▸ **Your task**: Everything from the line with "ロレックスデイトジャストの1" to the line with "We’ll start from" in the listing below, both lines included, needs to be copied exactly, apart from the pictures.

____ Data to use

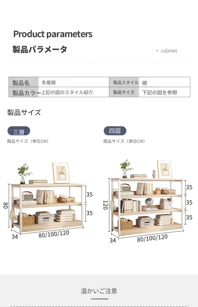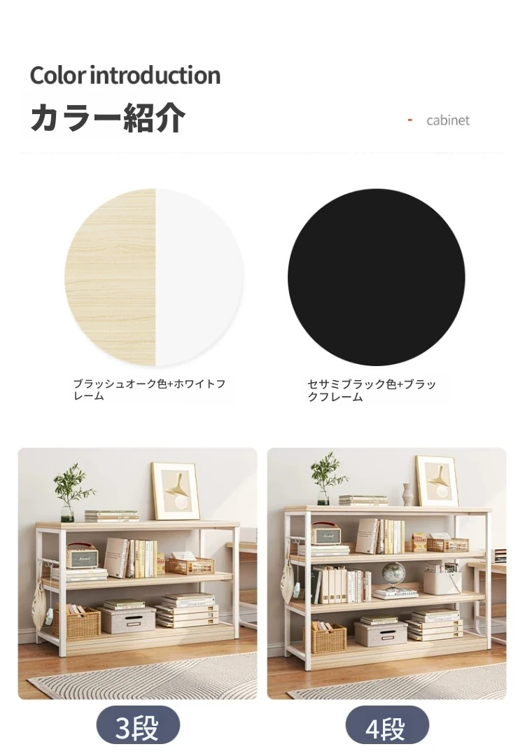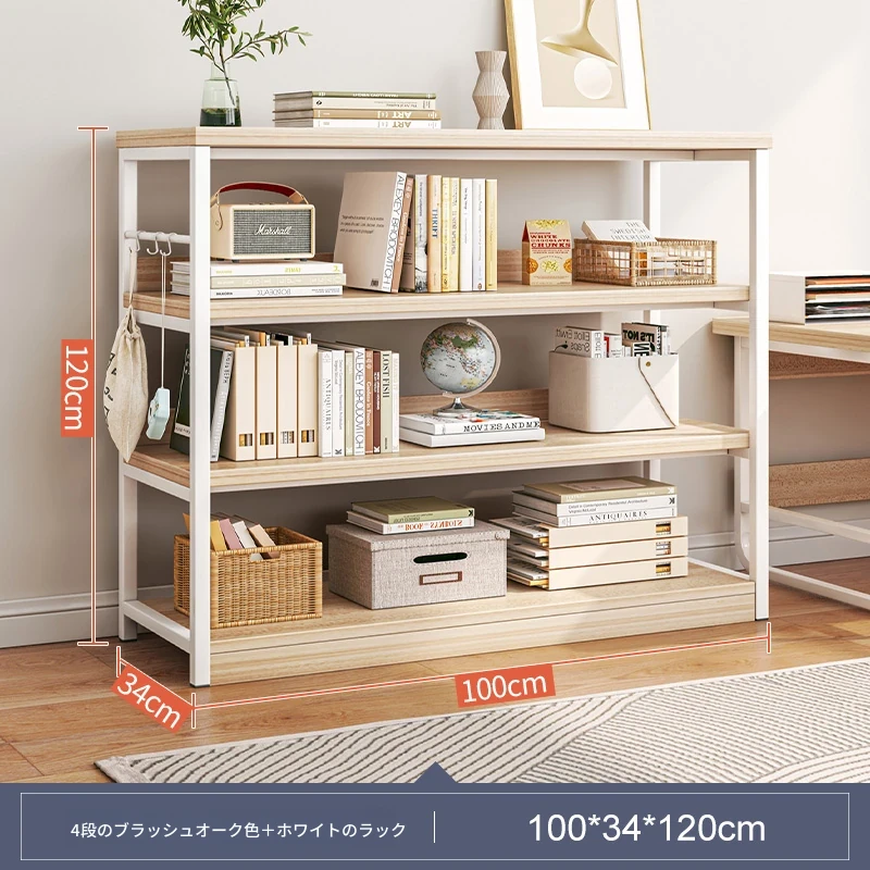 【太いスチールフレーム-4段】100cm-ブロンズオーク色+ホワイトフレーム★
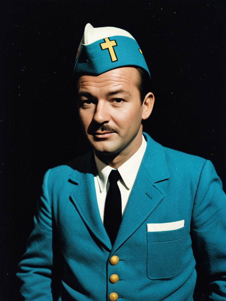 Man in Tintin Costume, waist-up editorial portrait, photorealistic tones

________
____ Data to use

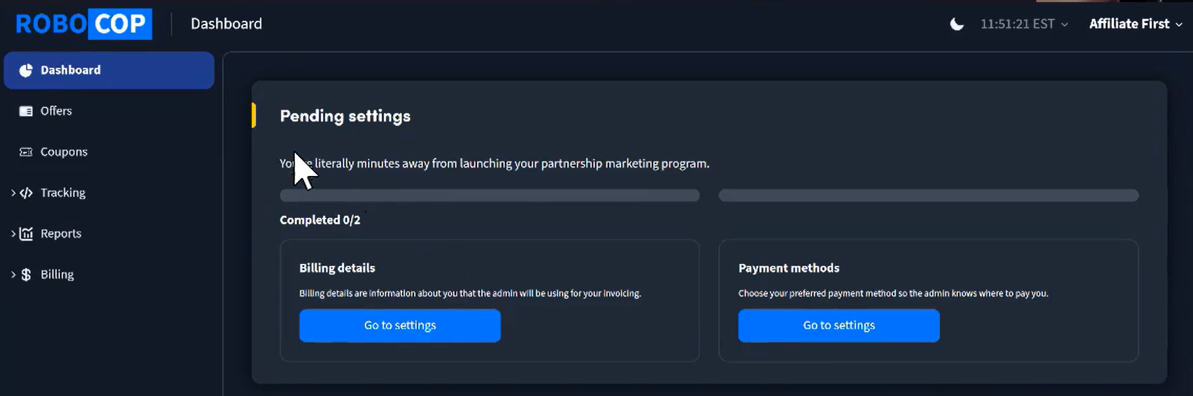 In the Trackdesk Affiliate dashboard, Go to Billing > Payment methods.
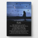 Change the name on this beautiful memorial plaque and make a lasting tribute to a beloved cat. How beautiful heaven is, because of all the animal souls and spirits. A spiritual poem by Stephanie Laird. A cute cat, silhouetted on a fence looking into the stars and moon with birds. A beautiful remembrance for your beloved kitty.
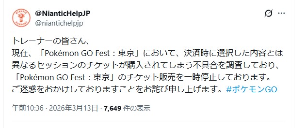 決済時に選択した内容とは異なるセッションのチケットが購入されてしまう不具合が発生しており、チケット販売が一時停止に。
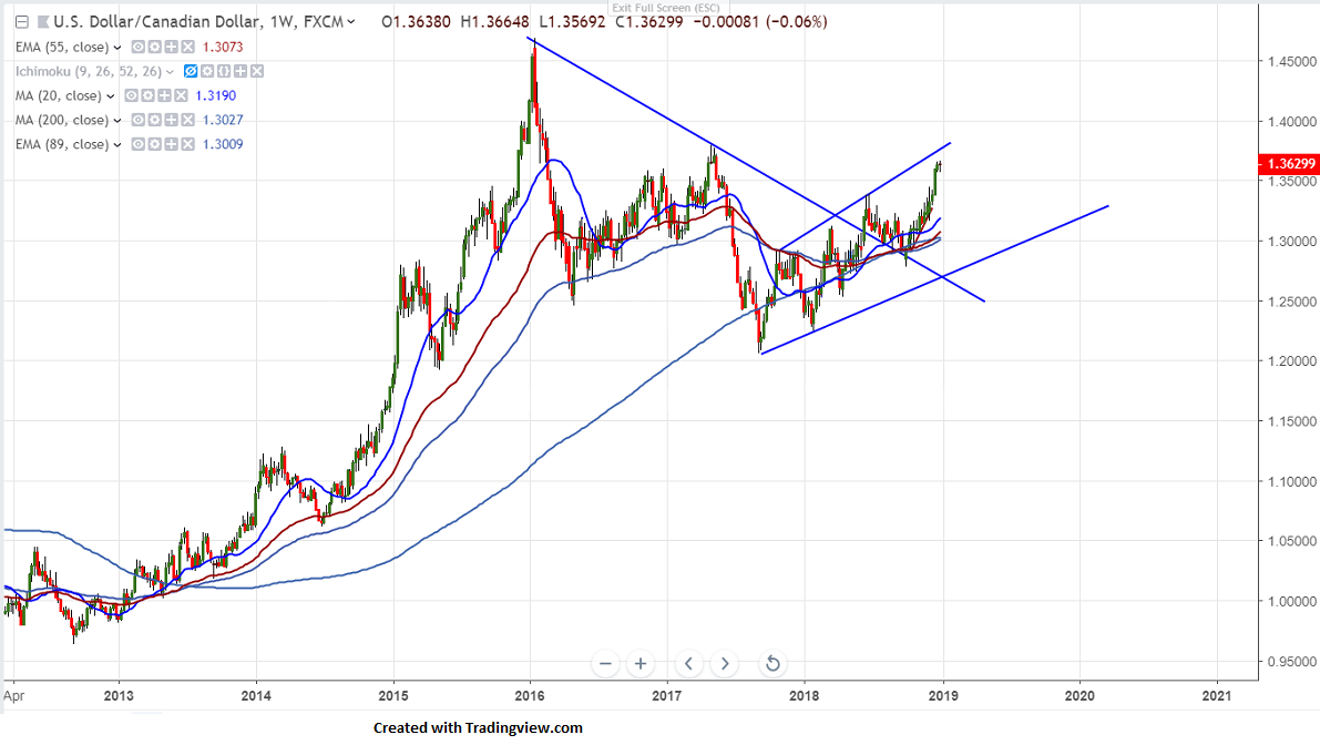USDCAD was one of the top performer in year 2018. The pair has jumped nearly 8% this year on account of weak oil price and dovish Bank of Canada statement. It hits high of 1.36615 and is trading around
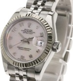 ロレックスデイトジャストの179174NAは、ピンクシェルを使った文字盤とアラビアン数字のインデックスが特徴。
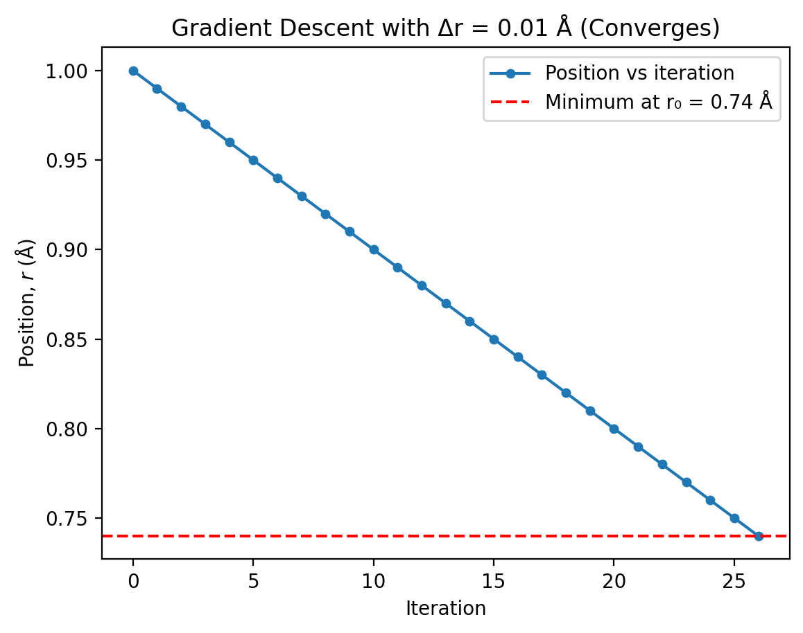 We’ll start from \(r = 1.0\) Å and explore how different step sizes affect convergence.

________
____ Data to use

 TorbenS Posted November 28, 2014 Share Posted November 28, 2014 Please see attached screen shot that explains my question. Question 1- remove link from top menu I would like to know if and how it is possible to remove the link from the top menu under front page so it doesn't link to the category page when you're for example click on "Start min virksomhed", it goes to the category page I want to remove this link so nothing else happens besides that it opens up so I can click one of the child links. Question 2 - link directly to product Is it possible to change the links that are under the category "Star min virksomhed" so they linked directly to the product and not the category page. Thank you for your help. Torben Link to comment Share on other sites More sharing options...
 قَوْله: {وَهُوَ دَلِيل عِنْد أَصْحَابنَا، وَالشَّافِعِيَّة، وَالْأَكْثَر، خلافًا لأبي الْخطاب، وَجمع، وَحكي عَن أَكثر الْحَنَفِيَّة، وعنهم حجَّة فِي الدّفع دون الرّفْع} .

________

▸ **Completed exercise**:
 ロレックスデイトジャストの179174NAは、ピンクシェルを使った文字盤とアラビアン数字のインデックスが特徴。
 We’ll start from \(r = 1.0\) Å and explore how different step sizes affect convergence.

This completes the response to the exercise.